Pour beaucoup, il semble que nous ayons déjà un pied planté dans un avenir insupportablement dystopique. Combien de temps faudra-t-il encore avant que les systèmes politiques ne s’effondrent et que nous ne nous retournions les uns contre les autres faute d’une santé mentale correcte en partant dans une frénésie pour les derniers morceaux de nourriture ? (Ou toute autre forme imaginable d’horreur de masse ?) Pour d’autres, ce genre de scénario est un délire, un symptôme de la panique médiatique. Ces deux « réalités » sont sujettes à caution. Qui peut dire qui est le plus en colère ?

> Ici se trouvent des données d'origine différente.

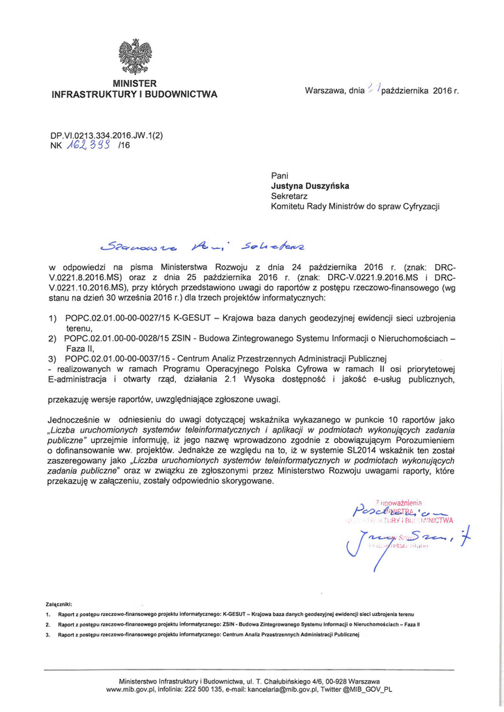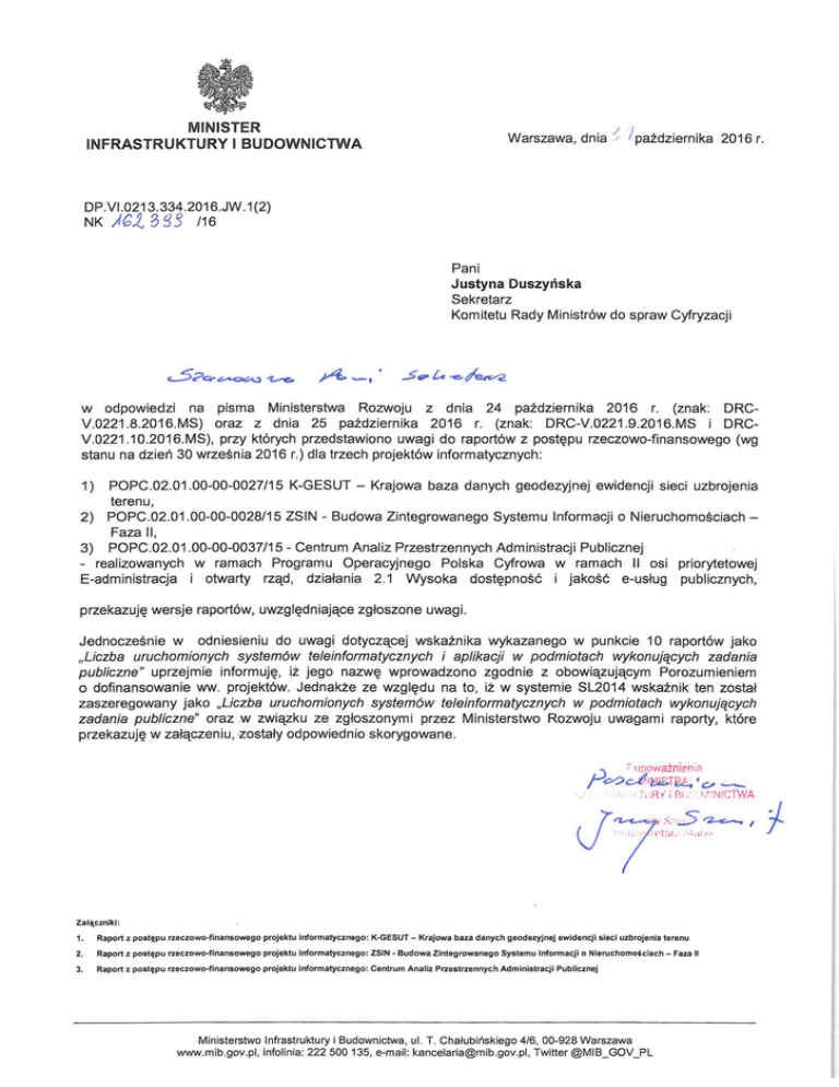 MINISTER INFRASTRUKTURY I BUDOWNICTWA Warszawa, dnia października 2016 r. DP.VI.0213.334.2016. JW. 1(2) n k ^ S S 5 /16 Pani Justyna Duszyńska Sekretarz Komitetu Rady Ministrów do spraw Cyfryzacji w odpowiedzi na pisma Ministerstwa Rozwoju z dnia 24 października 2016 r. (znak: DRCV.0221.8.2016.MS) oraz z dnia 25 października 2016 r. (znak: DRC-V.0221.9.2016.MS i DRCV.0221.10.2016.MS), przy których przedstawiono uwagi do raportów z postępu rzeczowo-finansowego (wg stanu na dzień 30 września 2016 r.) dla trzech projektów informatycznych: 1) POPC.02.01.00-00-0027/15 K-GESUT - Krajowa baza danych geodezyjnej ewidencji sieci uzbrojenia terenu, 2) POPC.02.01.00-00-0028/15 ZSIN - Budowa Zintegrowanego Systemu Informacji o Nieruchomościach Faza II, 3) POPC.02.01.00-00-0037/15 - Centrum Analiz Przestrzennych Administracji Publicznej - realizowanych w ramach Programu Operacyjnego Polska Cyfrowa w ramach II osi priorytetowej E-administracja i otwarty rząd, działania 2.1 Wysoka dostępność i jakość e-usług publicznych, przekazuję wersje raportów, uwzględniające zgłoszone uwagi. Jednocześnie w odniesieniu do uwagi dotyczącej wskaźnika wykazanego w punkcie 10 raportów jako „Liczba uruchomionych systemów teleinformatycznych i aplikacji w podmiotach wykonujących zadania publiczne" uprzejmie informuję, iż jego nazwę wprowadzono zgodnie z obowiązującym Porozumieniem o dofinansowanie ww. projektów. Jednakże ze względu na to, iż w systemie SL2014 wskaźnik ten został zaszeregowany jako „Liczba uruchomionych systemów teleinformatycznych w podmiotach wykonujących zadania publiczne" oraz w związku ze zgłoszonymi przez Ministerstwo Rozwoju uwagami raporty, które przekazuję w załączeniu, zostały odpowiednio skorygowane. 7 upoważnienia /-JcO^y&T&Ł, <cs - r u R / J B i , .»/'NICTWA i.łf.- •'-•<<!; Załączniki: 1. Raport z postępu rzeczowo-finansowego projektu informatycznego: K-GESUT - Krajowa baza danych geodezyjnej ewidencji sieci uzbrojenia terenu 2. Raport z postępu rzeczowo-finansowego projektu informatycznego: ZSIN - Budowa Zintegrowanego Systemu Informacji o Nieruchomościach - Faza ii 3. Raport z postępu rzeczowo-finansowego projektu informatycznego: Centrum Analiz Przestrzennych Administracji Publicznej Ministerstwo Infrastruktury i Budownictwa, ul. T. Chałubińskiego 4/6, 00-928 Warszawa www.mib.gov.pl, infolinia: 222 500 135, e-mail: [email protected], Twitter @MIB_GOV_PL

La psychologie du déni de la science climatique

Pour que la réalité présente ressemble à un ensemble de conditions confortablement cohérentes, il faut inclure un calcul autour de l’avenir. Certaines personnes sont enclines à la catastrophe tandis que d’autres préfèrent effacer la possibilité de désagréments. On pourrait dire que ces deux tendances sont des tentatives d’auto-préservation. Faut-il agir de manière préventive pour éviter une catastrophe, s’exposer à des accusations d’anxiété pathologique, ou garder son calme et continuer au risque de paraître au mieux obtus ou au pire égoïstement destructeur ? Est-ce que c’est fou de faire le deuil de quelque chose avant de l’avoir perdu ?

 

C’est peut-être une question particulièrement poignante pour une génération de jeunes qui se demandent sérieusement s’il est ou non irresponsable d’avoir des enfants, beaucoup choisissant de ne pas le faire par crainte de ce que l’avenir proche leur réserve.

 

Dans un sens, toutes les réponses au climat écologique actuel sont folles, ou du moins exaspérantes. Prenez la menace au sérieux et risquez de succomber à la solastalgie, ou bien effacez-la et soyez accusé de vous écarter de la réalité. Dans le premier cas, vous vous énervez vous-même et dans le second, vous énervez les autres. Il peut parfois sembler que la seule réponse raisonnable soit la mélancolie, la colère et l’impuissance. C’est ce qu’a déclaré le Dr Courtney Howard, présidente du conseil d’administration de l’Association canadienne des médecins pour l’environnement : « L’intersection entre l’urgence climatique et la santé mentale et physique va devenir l’un des principaux problèmes du monde. »

 

Pour ceux qui ont l’oreille au sol, c’est évidemment déjà le cas.